Princess Ko spoke over her.
“We are here to find a Locator Spell,” she said. “By my calculations we have twenty minutes before our Seclusion Spell expires. Accordingly, we need to refresh ourselves with a mallow treat and hot chocolate while Elliot explains this Spell Fishing book of his.”
She handed around cups, poured chocolate from a thermos flask, and placed the basket of roasted mallow treats in the center of their circle.
“Right!” said Princess Ko. “Elliot?”
Elliot had brought the book into the tent with him. He picked it up now, felt the cool softness of the cover, and studied the title page.
Here it was. The book he’d found months before in the Bonfire Library. That exquisite surge of hope he’d felt when he first leafed through its pages. Everyone he knew had shaken their heads, dismissive, contemptuous, sympathetic: It can’t be done; the book’s a crock; the book’s a cheat; that book’s a load of —
He’d ignored them all, studied this book late into the night. He’d believed in it — until he hadn’t.
It had been part of his own desperation. It had turned itself into itself right before his eyes — a self-delusion, a load of trash.
Yet here they were at the Lake of Spells, and this book had brought them here. He had no choice.
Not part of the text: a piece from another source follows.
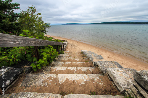 © ehrlif, Fototapeta premium Schody Do Pięknej Piaszczystej Plaży W Michigan. Kręte kamienne schody prowadzą na piaszczystą plażę nad brzegiem jeziora Superior na górnym półwyspie Michigan. Hiawatha National Forest. Munising, Michigan.
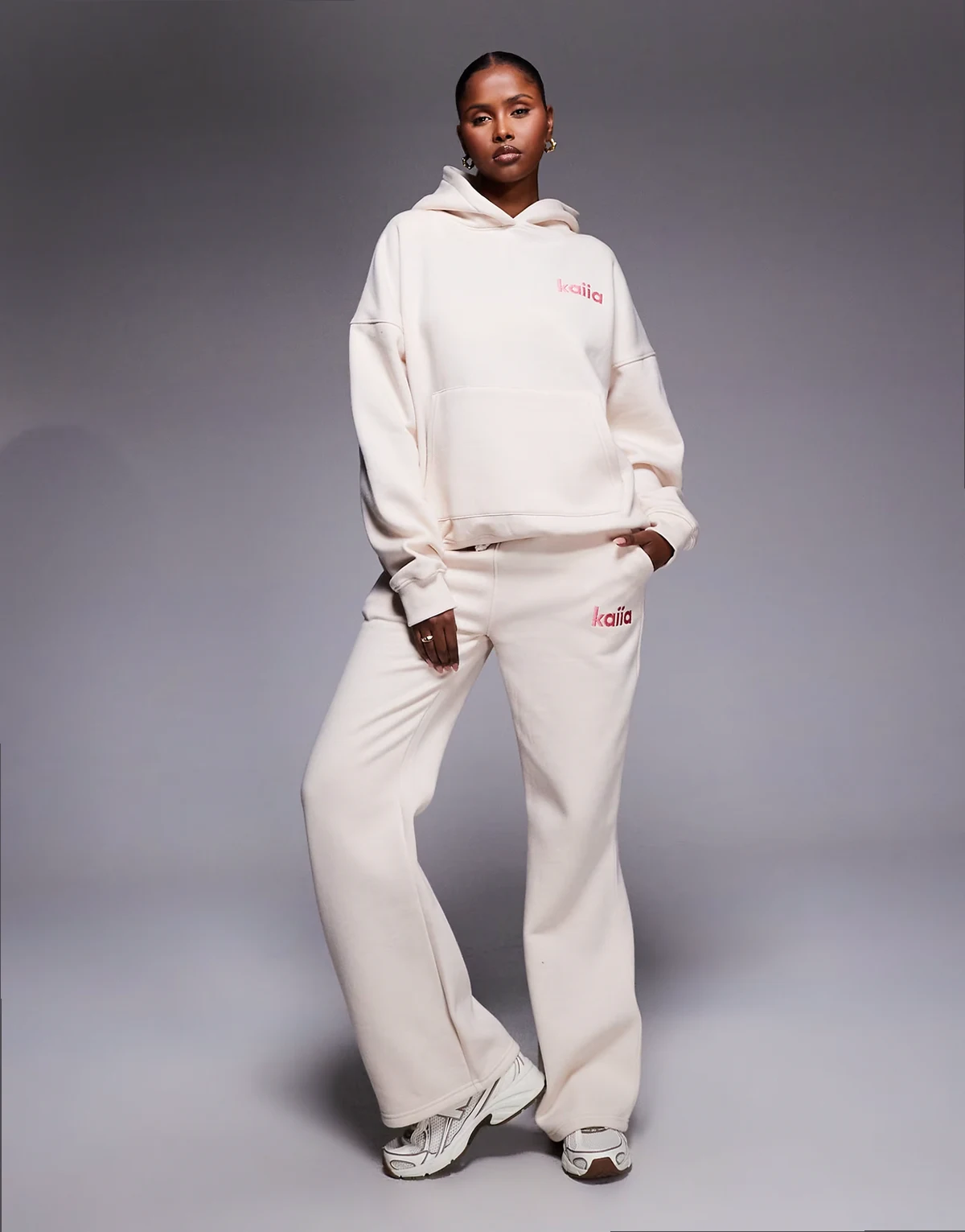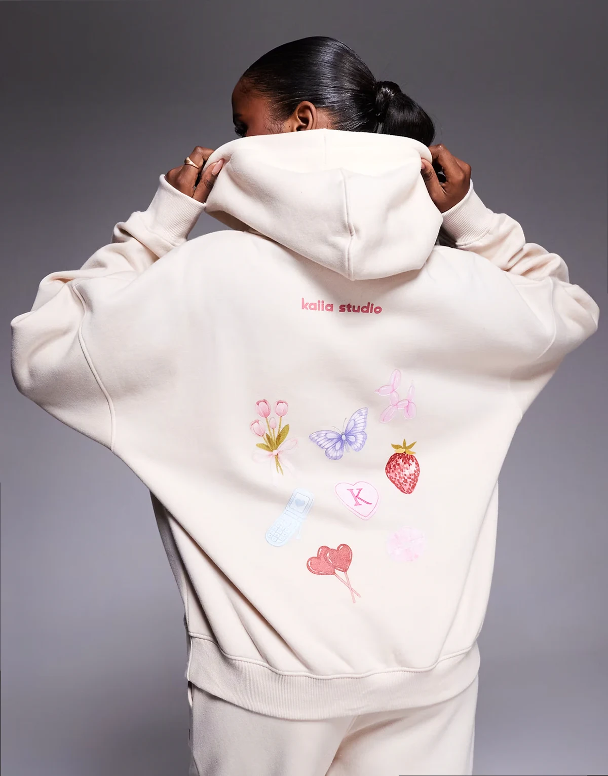 embroidered logo sweethearts sticker back graphic oversized hoodie in cream - part of a set

He’d have to see this through.
They waited, watching him, slurping their chocolate.
He explained the book.
Its central premise, he said, had to do with the symbols that appeared on the casings of spells. Symbols, as they knew, were unique, although they fell into certain categories.
The book recommended a procedure. First, you found the symbol of the spell you wanted. Next, you took certain measurements and ratios from the symbols, and applied those to the layout of the Lake itself.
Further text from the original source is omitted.